CONCEPT Cited by 1 source
Direction-agnostic edge ID¶
A direction-agnostic edge ID is an edge identifier constructed deterministically from the pair of endpoint node IDs in a way that produces the same identifier regardless of which direction the user requested the traversal. The canonical construction: lexicographically sort the source and destination node IDs, then concatenate them.
edge_property_id = sort([source_id, target_id]).concat()
= lower(source_id, target_id) || higher(source_id, target_id)
Why it matters¶
In a graph storage system that uses
forward and reverse edge
indexes on the link namespace, an edge between nodes A and
B is physically written twice on the link side (once at
forward partition A, once at reverse partition B).
Edge properties, by contrast, are direction-symmetric — a
property of the edge is the same property whether the caller
traversed A → B or B → A. Storing the property bag twice
would mean every property update needs to write to two records
atomically; storing it under one of the two endpoints would
break the symmetry.
The direction-agnostic ID makes the property record single- copy: lex-sorting the endpoints before concatenation gives a unique-and-stable identifier per edge-pair. Properties are indexed once in the property namespace, and either direction reaches them via the same deterministic key.
The verbatim disclosure¶
"To ensure consistent record identifiers when updating edge properties in either direction, the Abstraction lexicographically sorts and concatenates the source and destination node IDs to create a direction-agnostic identifier for property storage. This ensures that properties can be accessed or mutated in a single database call regardless of the direction specified in the request." (Source: sources/2026-05-29-netflix-high-throughput-graph-abstraction-at-netflix-part-i)
Construction example¶
| Caller-requested edge | Lex-sorted endpoints | Concatenated ID |
|---|---|---|
profile-A → device-X |
[device-X, profile-A] |
device-X\|profile-A |
device-X → profile-A |
[device-X, profile-A] |
device-X\|profile-A |
account-Z → profile-A |
[account-Z, profile-A] |
account-Z\|profile-A |
Both directions of the (profile-A, device-X) edge yield the
same property ID. A point read on the property namespace
returns the property bag in a single partition lookup
regardless of how the traversal came in.
Composition with other patterns¶
The direction-agnostic ID composes with:
- patterns/separate-edge-links-from-properties — the prerequisite that puts edge properties in their own namespace.

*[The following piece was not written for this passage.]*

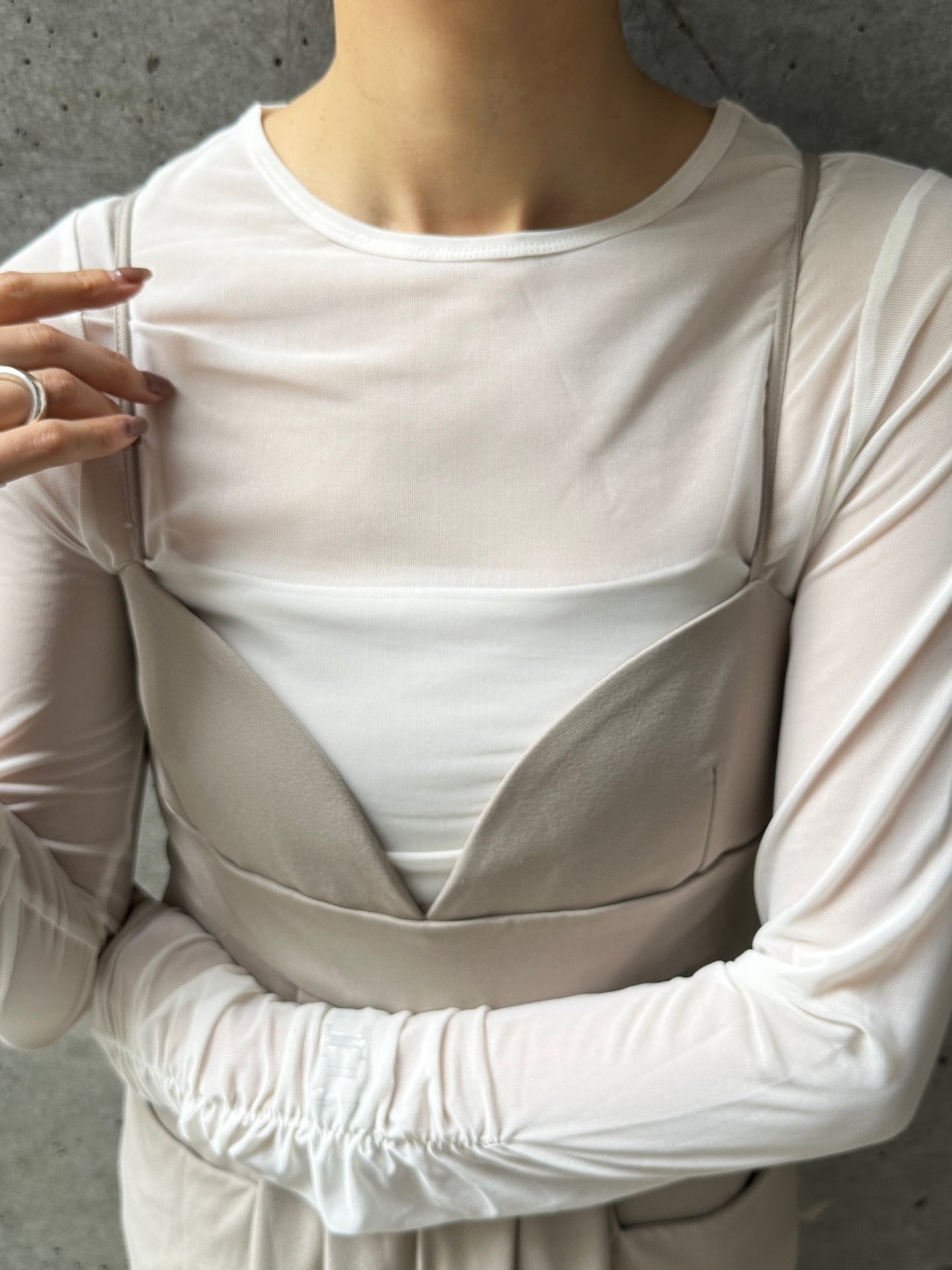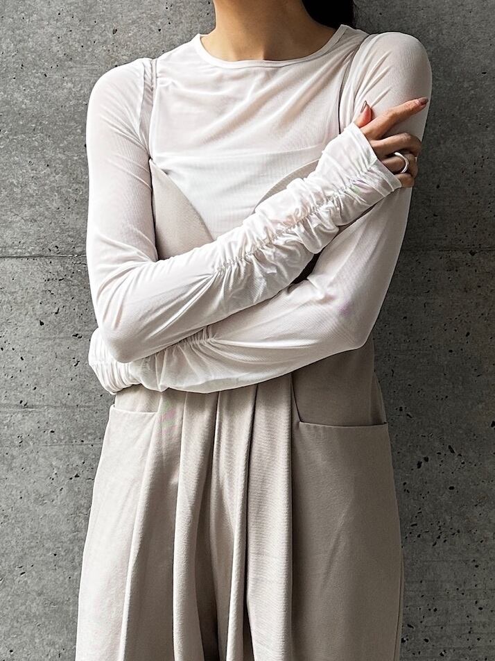 キャミソールやブラトップをインナーに合わせたヘルシーなスタイリングがおすすめ。デニムやスラックスと合わせるだけで、抜け感のある大人カジュアルが完成します。また、タイトスカートやマーメイドスカートと合わせれば、女性らしさを引き立てたきれいめコーデにも◎。スリーブデザインがアクセントになるため、シンプルなボトムと合わせるだけでもスタイリングが華やかに見えます。ジャケットやジレのインナーとして取り入れることで、袖のデザインを活かしたレイヤードスタイルも楽しめる一枚です。

- patterns/forward-and-reverse-adjacency-index — the forward and reverse link namespaces use the natural endpoint-keyed IDs, while the property namespace uses the direction-agnostic ID. Two different ID strategies for two different namespace classes.

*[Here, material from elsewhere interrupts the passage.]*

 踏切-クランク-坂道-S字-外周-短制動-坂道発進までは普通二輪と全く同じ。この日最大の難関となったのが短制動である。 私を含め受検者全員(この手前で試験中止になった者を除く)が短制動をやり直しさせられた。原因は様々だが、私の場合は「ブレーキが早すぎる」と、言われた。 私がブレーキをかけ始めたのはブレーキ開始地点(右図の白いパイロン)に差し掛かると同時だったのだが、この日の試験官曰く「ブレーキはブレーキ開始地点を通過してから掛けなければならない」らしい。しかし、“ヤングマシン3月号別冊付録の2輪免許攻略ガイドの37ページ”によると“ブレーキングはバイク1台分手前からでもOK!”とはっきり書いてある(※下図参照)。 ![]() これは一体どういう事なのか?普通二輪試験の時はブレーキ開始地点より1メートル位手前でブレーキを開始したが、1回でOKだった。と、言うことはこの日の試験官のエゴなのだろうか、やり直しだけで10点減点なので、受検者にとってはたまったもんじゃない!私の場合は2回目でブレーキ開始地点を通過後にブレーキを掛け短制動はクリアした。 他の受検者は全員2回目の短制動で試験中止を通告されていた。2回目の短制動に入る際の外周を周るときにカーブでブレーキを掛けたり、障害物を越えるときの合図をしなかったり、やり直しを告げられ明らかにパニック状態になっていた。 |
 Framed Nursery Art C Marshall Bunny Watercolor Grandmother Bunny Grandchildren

- Last-Write-Wins via timestamped idempotency tokens — property updates from either direction land at the same partition, so LWW resolution happens against a consistent identifier.
When the natural ID would have failed¶
If properties were stored with a natural directional ID like
source||target, then a property update issued from the
reverse-direction traversal (target||source) would land at a
different partition. Two options to fix this without
direction-agnostic IDs would each break:
- Store properties under both natural IDs — doubles property storage, requires atomic two-partition writes for every update (unsolved without distributed transactions or another entropy-repair pipeline).
- Force callers to always use the canonical direction — leaks a storage detail into the API surface; bidirectional edges have no natural canonical direction.
The lex-sort-then-concat construction sidesteps both issues by making the canonical direction a function of the ID values, unique per pair, and stable across calls.
Trade-off¶
The direction-agnostic ID is opaque to humans and not directly
useful as a foreign key — applications that want to retrieve an
edge by (source, target) must apply the same lex-sort-then-
concat transformation client-side or via a server-provided
helper. A small ergonomic cost; a major correctness payoff.
Seen in¶
- sources/2026-05-29-netflix-high-throughput-graph-abstraction-at-netflix-part-i — canonical wiki disclosure; load-bearing structural invariant of Netflix Graph Abstraction's edge-property storage.